:: Description of the task ::
Restate the listing below word for word, and leave its pictures behind.

:: Data excerpt ::
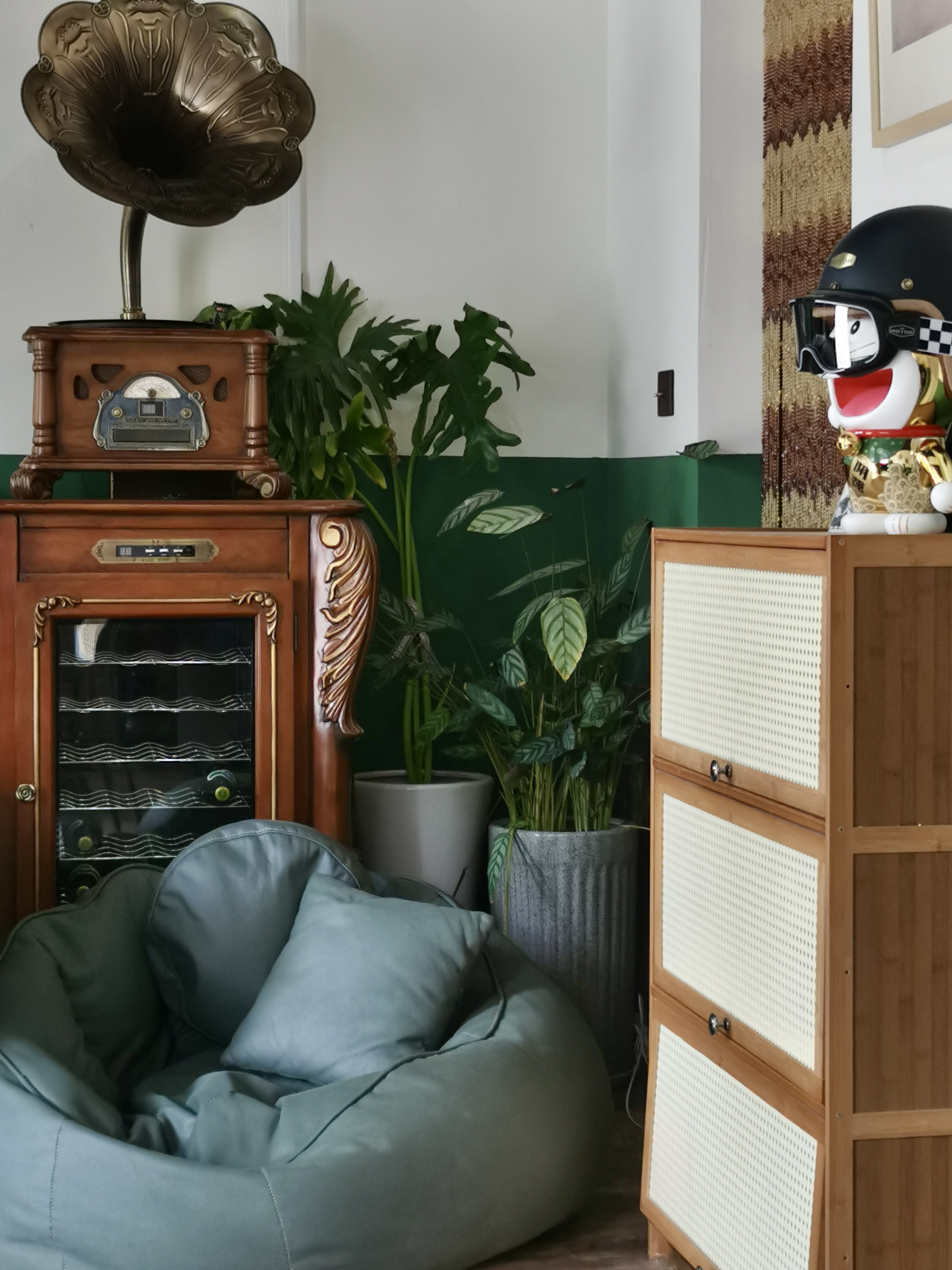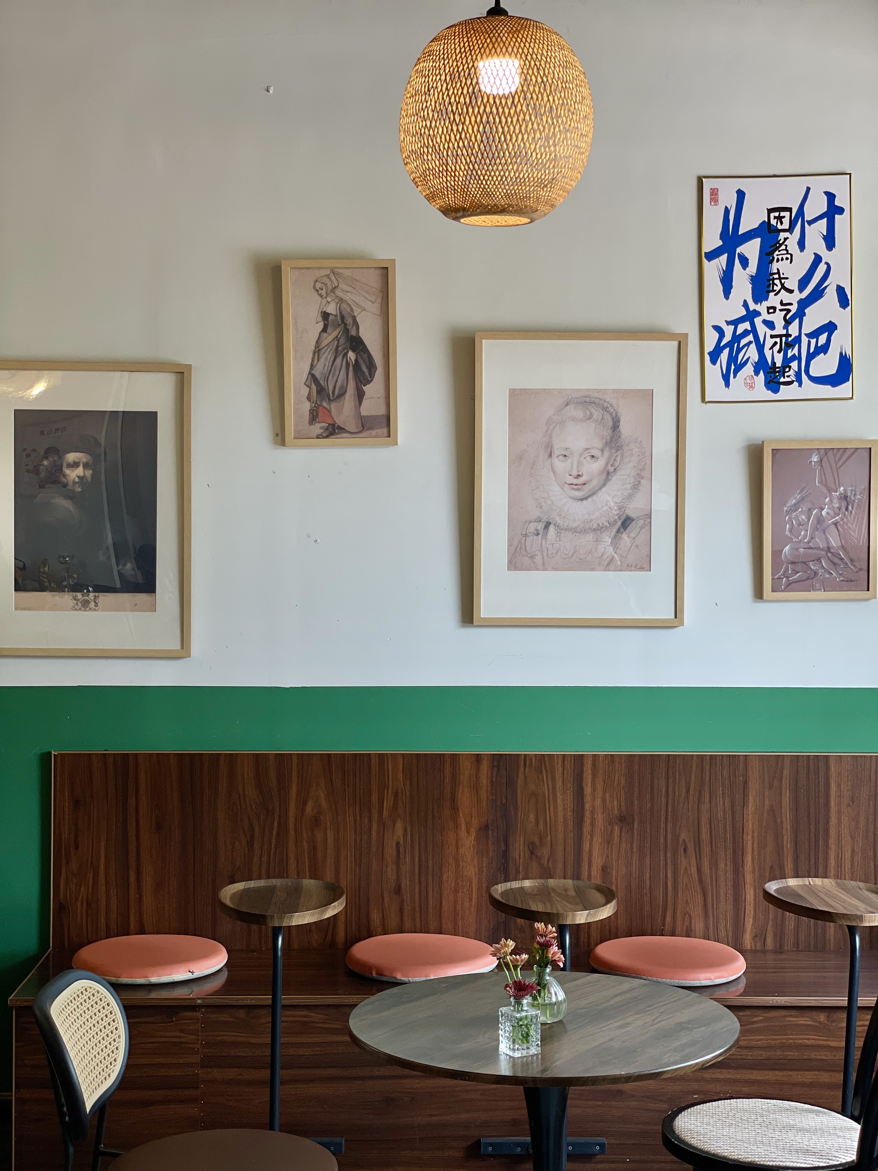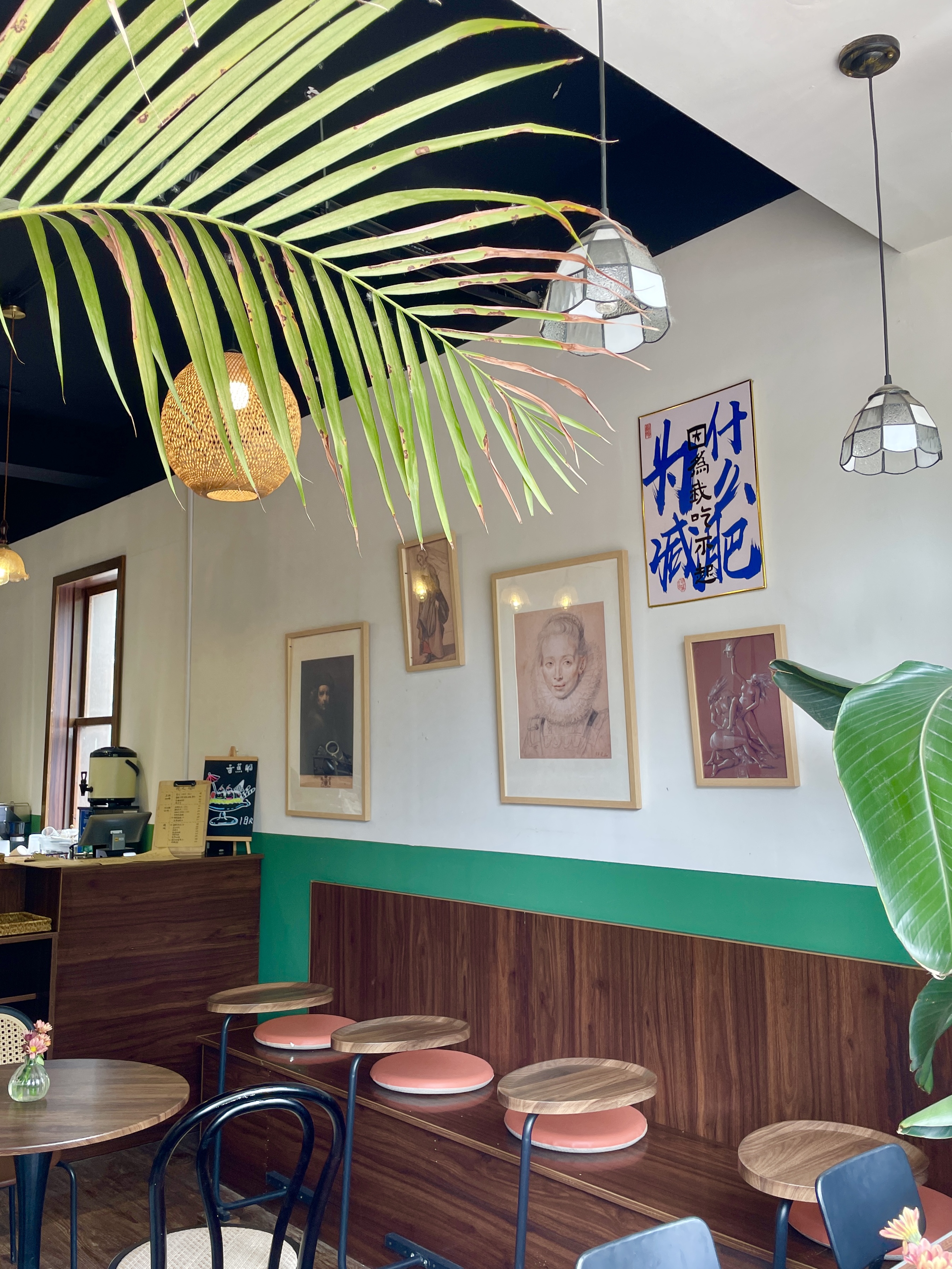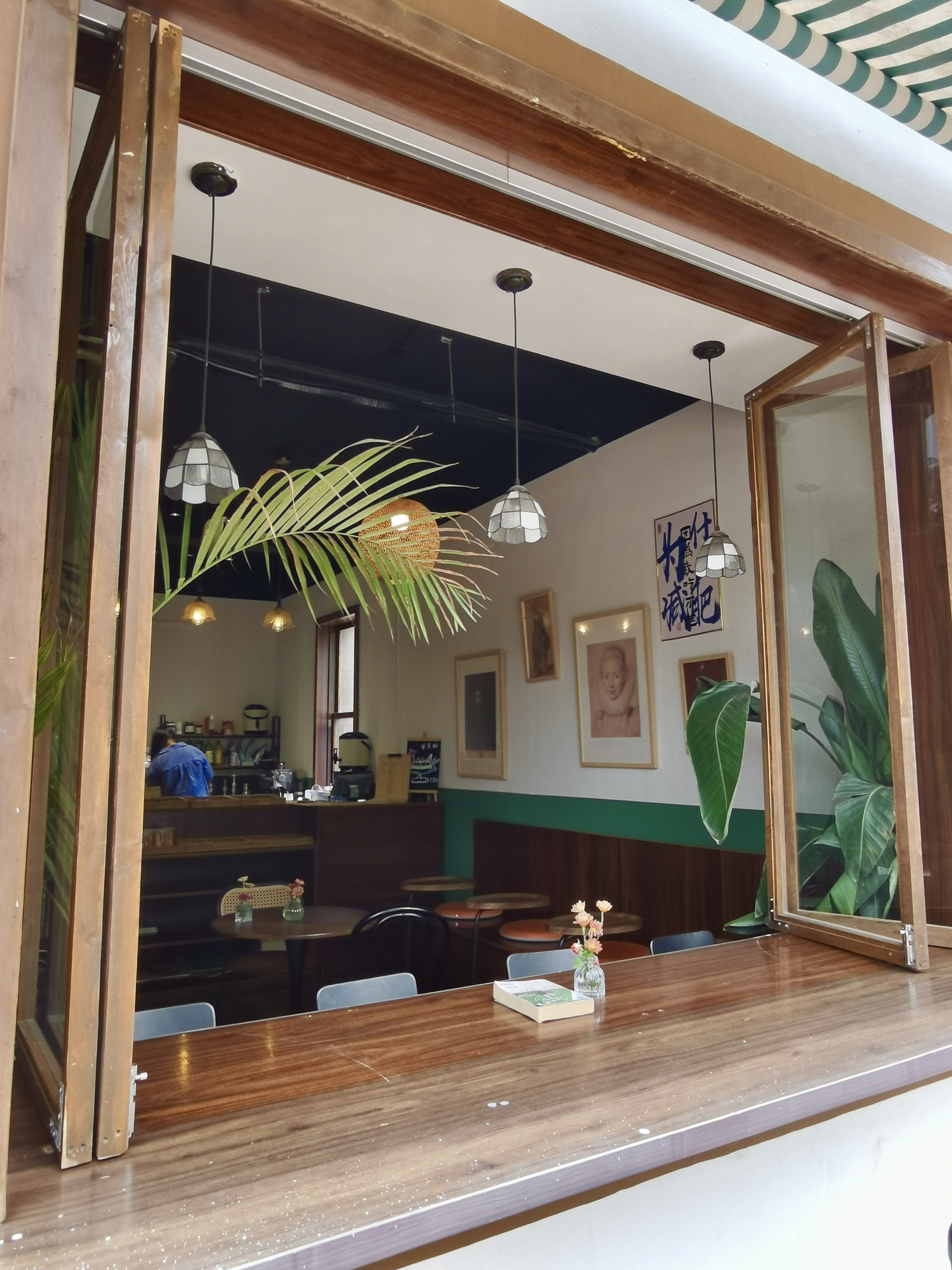 店里很多复古元素,壁画、摆件、灯饰......很有格调,还有一面超大的开放式窗户,面河而坐,安静读会书,身心愉悦。
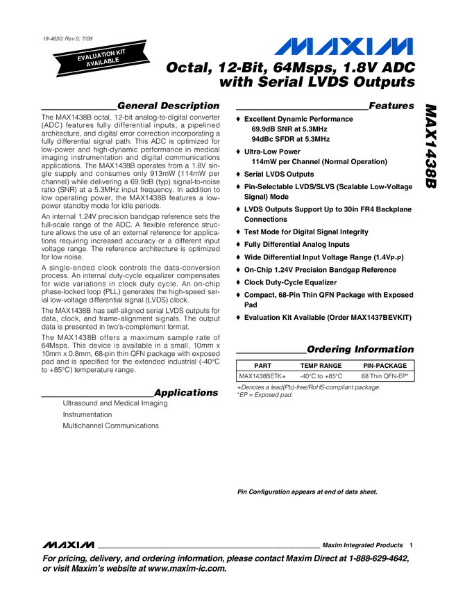 MAX1438B Octal, 12-Bit, 64Msps, 1.8V ADC with Serial LVDS Outputs
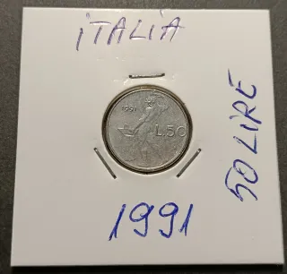 Moneta da 50 Lire italiane coniata nel 1991. - Dettaglio: ITALIA - Valore: L.50 - Anno: 1991
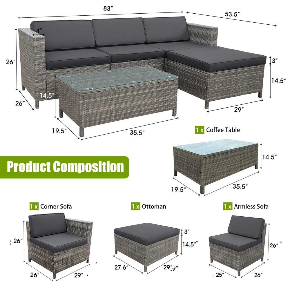 Product Material:The 5 piece wicker outdoor patio furniture set is made of hand-woven rattan, and the sectional sofa furniture is designed in a modern and elegant way.

:: Reply to the exercise ::
 店里很多复古元素,壁画、摆件、灯饰......很有格调,还有一面超大的开放式窗户,面河而坐,安静读会书,身心愉悦。
 MAX1438B Octal, 12-Bit, 64Msps, 1.8V ADC with Serial LVDS Outputs
 Moneta da 50 Lire italiane coniata nel 1991. - Dettaglio: ITALIA - Valore: L.50 - Anno: 1991
 Product Material:The 5 piece wicker outdoor patio furniture set is made of hand-woven rattan, and the sectional sofa furniture is designed in a modern and elegant way.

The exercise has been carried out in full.